Мы уже видели, что в учении Конфуция о государстве действительно заключались элементы либерализма. Но в его собственной стране это не привело к народовластию. «Конфуций, — говорит Крил, — положил начало созданию демократического правления, но созданные им принципы были слишком мало расширены. И самих этих принципов недостаточно. Для эффективности демократии народ в целом должен иметь активный голос при избрании своих правителей. Для этой цели необходимо создать особые методы. В Китае это никогда не получило развития; это завершилось в другой части света» [41].
Итак, конфуцианский идеал — не просто экзотическая философия. Он явился первой попыткой сформулировать учение о том, что конечная цель человека — чисто земная, что нравственность может быть укреплена независимо от религии, что все высшие запросы духа могут быть устранены из сознания, а трагичность жизни преодолена созданием гармоничного общества. Совершенно очевидно, что эта доктрина являлась общечеловеческим соблазном, а не просто китайским изобретением.

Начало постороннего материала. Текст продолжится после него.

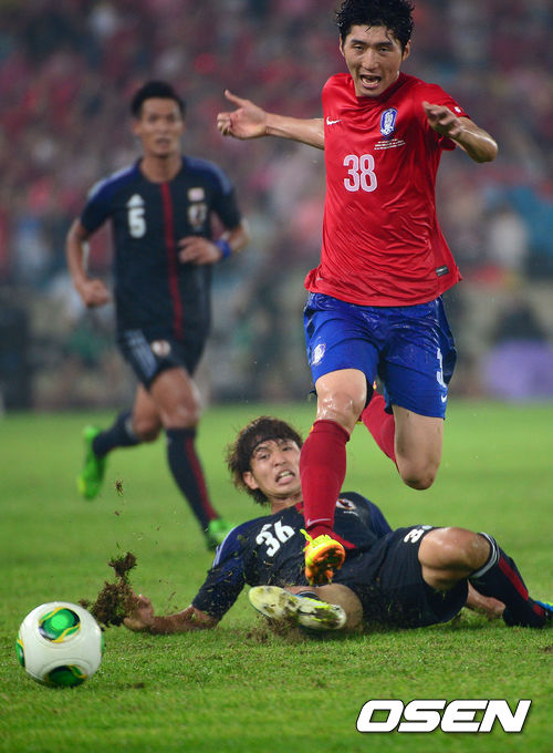 [OSNE=잠실, 곽영래 기자] 28일 오후 서울 잠실종합운동장에서 열린 2013 동아시안컵 축구선수권대회 한국과 일본의 경기 전반 한국 김동섭이 일본 수비수의 태클을 피해 돌파를 시도하고 있다.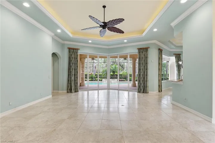 Situated on a 0.27-acre homesite with preserve views, this residence offers 2,904 square feet of living space with three bedrooms plus a den and three full baths. Built in 2003, the property includes a three-car garage and a screened outdoor living area with a pool and spa, providing a private setting. The interior features tile and hardwood flooring, tray ceilings with crown molding and recessed lighting, and an open-concept layout. Expansive sliding glass doors allow natural light and provide access to the lanai. The kitchen includes granite countertops, custom wood cabinetry, a center island and breakfast bar seating, along with a built-in wall oven and full appliance suite. The primary suite offers a spacious layout with an en suite bath and walk-in closets. A formal dining area with tray ceiling detail and arched architectural elements adds to the interior design. Outdoor living includes a screened enclosure with pool and spa, as well as a covered lanai with preserve views. Located in Olde Cypress, a gated community offering golf, tennis, pickleball and bocce courts, a fitness center, community lap pool and a renovated clubhouse. The community is positioned near Naples beaches, as well as shopping and dining destinations.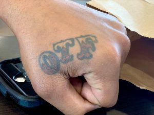 My first tattoo was my mother’s name, Charlotte. I was working at McDonald’s when I got it. She caught me in the middle of me getting it and I told her it was a rash. The tattoo on my hand says OTF for Only The Family. I have MOB on the top of my arm because I love this city. My grandmother’s name, Pauline, is on my other arm. I also have tattoos that say Jesus and Lord Forgive me. They all mean something about who I am and I am not ashamed of it. Family is important to me and one day I want to be a good father who can nurture and teach my kids. That is a long way off.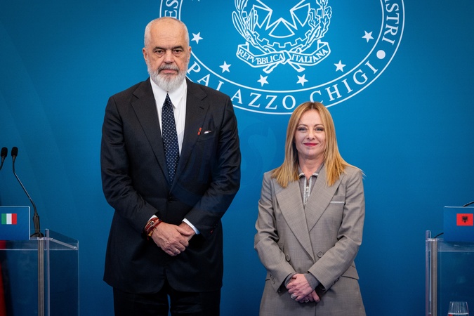 Italian Prime Minister Giorgia Meloni and Albanian Prime Minister Edi Rama address a press conference after the 1st Italy-Albania Intergovernmental Summit at Villa Doria Pamphilj in Rome, Italy, on 13 November 2025.

Несмотря на свое тяготение к «середине», Китай, таким образом, выдвинул два крайне противоположных решения проблемы жизни. С одной стороны, в лице Лао-цзы он возвестил миру о тайне Высшего Бытия и призывал к мистическому созерцанию. А с другой стороны, в лице Конфуция он объявил высшей ценностью земное существование и увидел спасение в устойчивом общественном режиме.
И поныне эти два направления — пассивная отрешенность и утилитарный реализм — продолжают бороться в Китае. Большой победой первого было массовое обращение китайцев в буддизм, учение, сходное с даосизмом [42]. Конфуцианская же тенденция восторжествовала в китайском коммунизме, несмотря на то, что философия Мао существенно отличается от доктрины Конфуция.

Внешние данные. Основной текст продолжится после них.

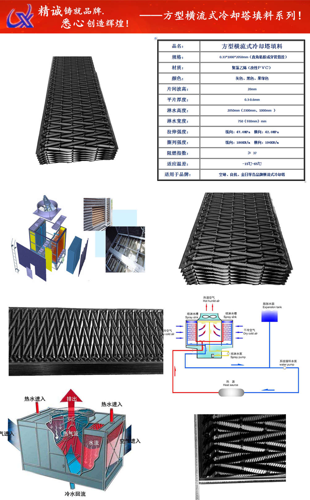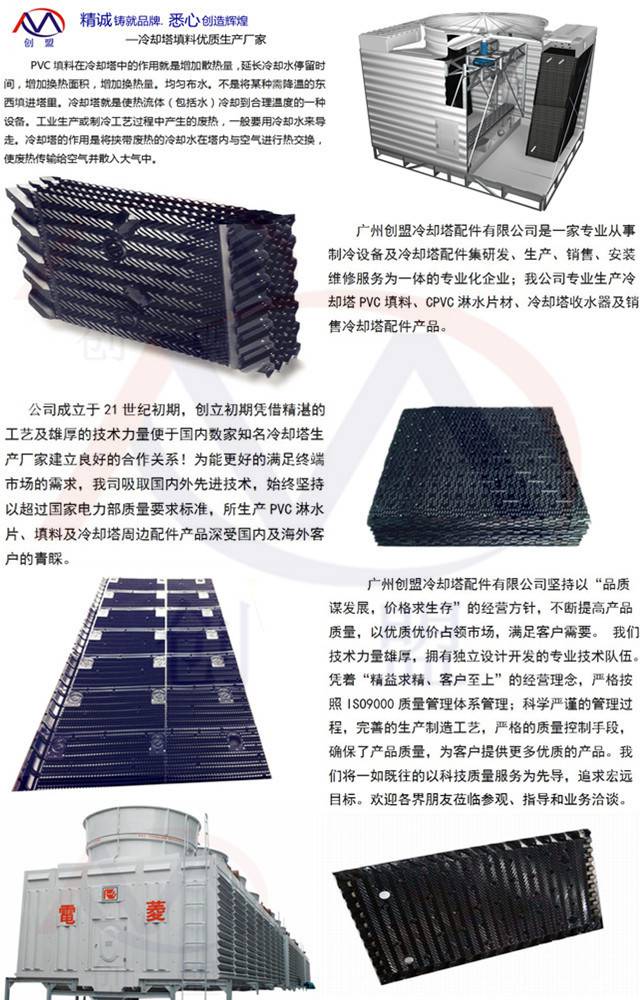六、飘水率低于循环水量的0.001%,采用自带收水器及进风百叶三合一设计;该填料采用阻燃PVC真空吸塑而成,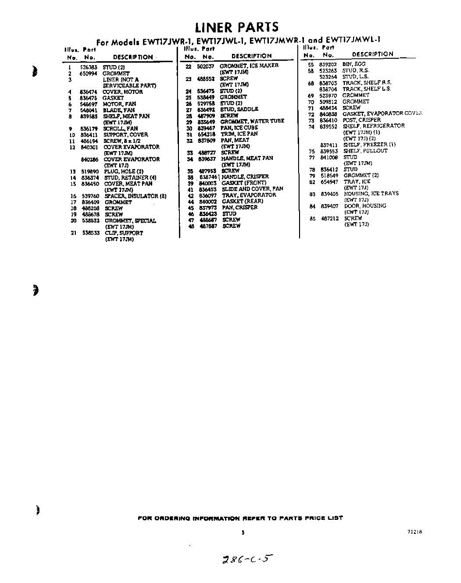 Parts for EWT17JWR1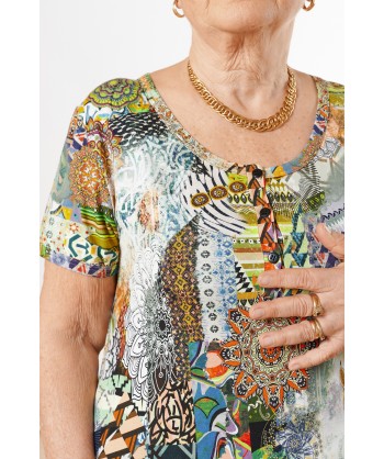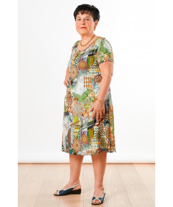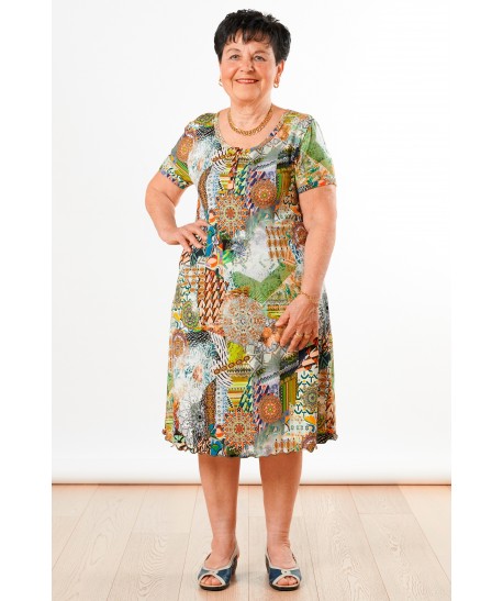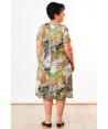 Abito maniche corte in taglie comode, scollo a giro con bottoni, realizzato in viscosa con stampa astratta tra fiori e geometrie nei toni del verde e dell'arancione

Между тем ни тот, ни другой ответ на вопрос о смысле жизни не может удовлетворить человечество. Первый вступает в глубокий и непреодолимый конфликт с фактом жизни, творения, реального мира, человеческого творчества, а второй — тщетно пытается заставить человека забыть о его высшем духовном призвании.
Теперь нам пора покинуть Срединную империю и обратиться к другому народу, чтобы услышать слово его великих учителей жизни.
ПРИМЕЧАНИЯ
Глава третья
ПО ЗАВЕТАМ ПРЕДКОВ
1.По словам одного из знатоков конфуцианства, «Лунь юй» — «лучший источник по учению Конфуция» (Н. G. Creel. Confucius, the Man and the Myth. London 1951, р. 313). В частности, он обосновывает это тем, что в «Лунь юе» содержится немало такого, что позднейшие конфуцианцы вряд ли могли поместить в книге а именно: ссоры между учениками Конфуция и его сомнительные в этическом отношении поступки. Радуль-Затуловский считает «Лунь юй» даже «единственным источником, на основе которого приходится изучать Конфуция» (Я. Радуль-Затуловский. Конфуцианство и его распространение в Японии, 1947, с. 64).
2. Лунь юй, IX. 7. Пер. П. Попова.
3. Лунь юй, VII, 19.
4. «Я старше вас на один день»,— говорит ученикам Конфуций (Лунь юй, XI, 25).
5. Лунь юй. VII, 1.
6. Чжун юн (Учение о Середине), XIII.
7. Лунь юй. V. 12.
8. Лунь юй, XVII. 9.
9. Лунь юй, XI. 11-12.
10. Лунь юй. 111. 11.
11. Лунь юй, 1, 9.
12. Лунь юй. 111, 17.
13. H. G. Creel. Confucius, the Man and the Myth, p. 124. См. также: Л. С. Васильев. Культы, религии, традиции в Китае, с. 107.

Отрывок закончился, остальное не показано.